In [2]:
# notebooks/01_eda_preprocessing.ipynb

import pandas as pd
import re
import nltk
from nltk.corpus import stopwords
import matplotlib.pyplot as plt
import seaborn as sns

# Download necessary NLTK data
nltk.download('stopwords')
nltk.download('punkt')

# --- 1. Load the dataset ---
print("Loading dataset...")
# Corrected: Assume the raw dataset is saved as 'data/complaints.csv'
try:
    df = pd.read_csv('data/complaints.csv', encoding='utf-8')
except FileNotFoundError:
    print("Please place your raw CFPB dataset as 'complaints.csv' in the 'data/' directory.")
    df = None # Exit or handle gracefully

if df is not None:
    print("Dataset loaded successfully.")
    print("\nInitial Data Info:")
    df.info()

    # --- 2. Initial EDA ---
    print("\n--- Initial EDA ---")

    # Analyze complaint distribution by product
    product_counts = df['Product'].value_counts()
    print("\nTop 10 Products by Complaint Count:")
    print(product_counts.head(10))

    plt.figure(figsize=(10, 6))
    product_counts.head(10).plot(kind='bar')
    plt.title('Distribution of Complaints by Product (Top 10)')
    plt.xlabel('Product')
    plt.ylabel('Number of Complaints')
    plt.xticks(rotation=45, ha='right')
    plt.tight_layout()
    plt.show()

    # Analyze narrative length
    df['narrative_word_count'] = df['Consumer complaint narrative'].astype(str).apply(lambda x: len(x.split()))
    print("\nNarrative Word Count Statistics:")
    print(df['narrative_word_count'].describe())

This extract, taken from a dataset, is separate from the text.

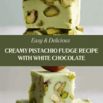 Keywords: pistachio fudge, white chocolate fudge, instant pudding fudge, easy fudge recipe, no bake fudge, holiday dessert, microwave fudge

    plt.figure(figsize=(10, 6))
    sns.histplot(df['narrative_word_count'], bins=50, kde=True)
    plt.title('Distribution of Narrative Word Count')
    plt.xlabel('Word Count')
    plt.ylabel('Frequency')
    plt.show()

    # Identify complaints with and without narratives
    narrative_present = df['Consumer complaint narrative'].notna().sum()
    narrative_missing = df['Consumer complaint narrative'].isna().sum()
    print(f"\nComplaints with narratives: {narrative_present}")
    print(f"Complaints without narratives: {narrative_missing}")

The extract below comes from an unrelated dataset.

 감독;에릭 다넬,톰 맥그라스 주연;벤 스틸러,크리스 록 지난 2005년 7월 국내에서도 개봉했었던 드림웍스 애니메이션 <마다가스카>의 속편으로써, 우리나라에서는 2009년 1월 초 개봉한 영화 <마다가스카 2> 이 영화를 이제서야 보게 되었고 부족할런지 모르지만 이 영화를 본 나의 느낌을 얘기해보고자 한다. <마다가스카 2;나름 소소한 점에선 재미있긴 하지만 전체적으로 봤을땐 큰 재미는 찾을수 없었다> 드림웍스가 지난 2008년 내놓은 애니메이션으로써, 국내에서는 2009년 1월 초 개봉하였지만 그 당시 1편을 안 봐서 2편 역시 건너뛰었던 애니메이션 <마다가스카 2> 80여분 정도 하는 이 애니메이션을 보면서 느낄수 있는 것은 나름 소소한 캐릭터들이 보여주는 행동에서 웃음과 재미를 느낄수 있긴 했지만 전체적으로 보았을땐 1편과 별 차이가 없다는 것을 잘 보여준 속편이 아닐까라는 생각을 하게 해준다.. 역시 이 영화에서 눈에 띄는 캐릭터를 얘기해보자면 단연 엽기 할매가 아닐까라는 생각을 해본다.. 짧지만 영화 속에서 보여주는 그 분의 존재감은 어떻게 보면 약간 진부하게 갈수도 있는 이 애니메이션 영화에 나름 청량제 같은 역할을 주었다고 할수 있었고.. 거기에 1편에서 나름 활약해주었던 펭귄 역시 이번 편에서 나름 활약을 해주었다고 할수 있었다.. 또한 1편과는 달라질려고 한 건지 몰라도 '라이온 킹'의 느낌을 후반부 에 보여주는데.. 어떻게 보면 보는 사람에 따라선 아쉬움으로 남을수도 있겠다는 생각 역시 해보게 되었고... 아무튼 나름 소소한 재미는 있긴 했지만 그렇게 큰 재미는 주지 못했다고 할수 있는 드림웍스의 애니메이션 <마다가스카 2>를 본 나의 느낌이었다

    # --- 3. Data Filtering ---
    print("\n--- Filtering Data ---")
    
    # Define the list of target products
    target_products = [
        'Credit card', 
        'Personal loan', 
        'Buy Now, Pay Later (BNPL)', 
        'Savings account', 
        'Money transfers'
    ]

    # Filter for target products
    filtered_df = df[df['Product'].isin(target_products)].copy()
    print(f"Dataset filtered to {len(filtered_df)} records for target products.")
    
    # Remove records with empty narratives
    filtered_df = filtered_df.dropna(subset=['Consumer complaint narrative']).copy()
    print(f"Dataset after removing empty narratives: {len(filtered_df)} records.")

    # --- 4. Text Cleaning ---
    print("\n--- Cleaning Text Narratives ---")
    
    stop_words = set(stopwords.words('english'))

    def clean_text(text):
        if not isinstance(text, str):
            return ""
        # Lowercase the text
        text = text.lower()
        # Remove special characters and numbers
        text = re.sub(r'[^a-zA-Z\s]', '', text)
        # Remove common boilerplate phrases (example)
        text = re.sub(r'i am writing to file a complaint', '', text, flags=re.I)
        # Tokenize and remove stopwords
        tokens = text.split()
        cleaned_tokens = [word for word in tokens if word not in stop_words]
        return ' '.join(cleaned_tokens)

    filtered_df['cleaned_narrative'] = filtered_df['Consumer complaint narrative'].apply(clean_text)

    # --- 5. Save the cleaned dataset ---
    output_path = 'data/filtered_complaints.csv'
    filtered_df.to_csv(output_path, index=False)
    print(f"\nCleaned and filtered dataset saved to {output_path}")

[nltk_data] Downloading package stopwords to
[nltk_data]     C:\Users\eep\AppData\Roaming\nltk_data...
[nltk_data]   Package stopwords is already up-to-date!
[nltk_data] Downloading package punkt to
[nltk_data]     C:\Users\eep\AppData\Roaming\nltk_data...


Loading dataset...
Please place your raw CFPB dataset as 'complaints.csv' in the 'data/' directory.


[nltk_data]   Package punkt is already up-to-date!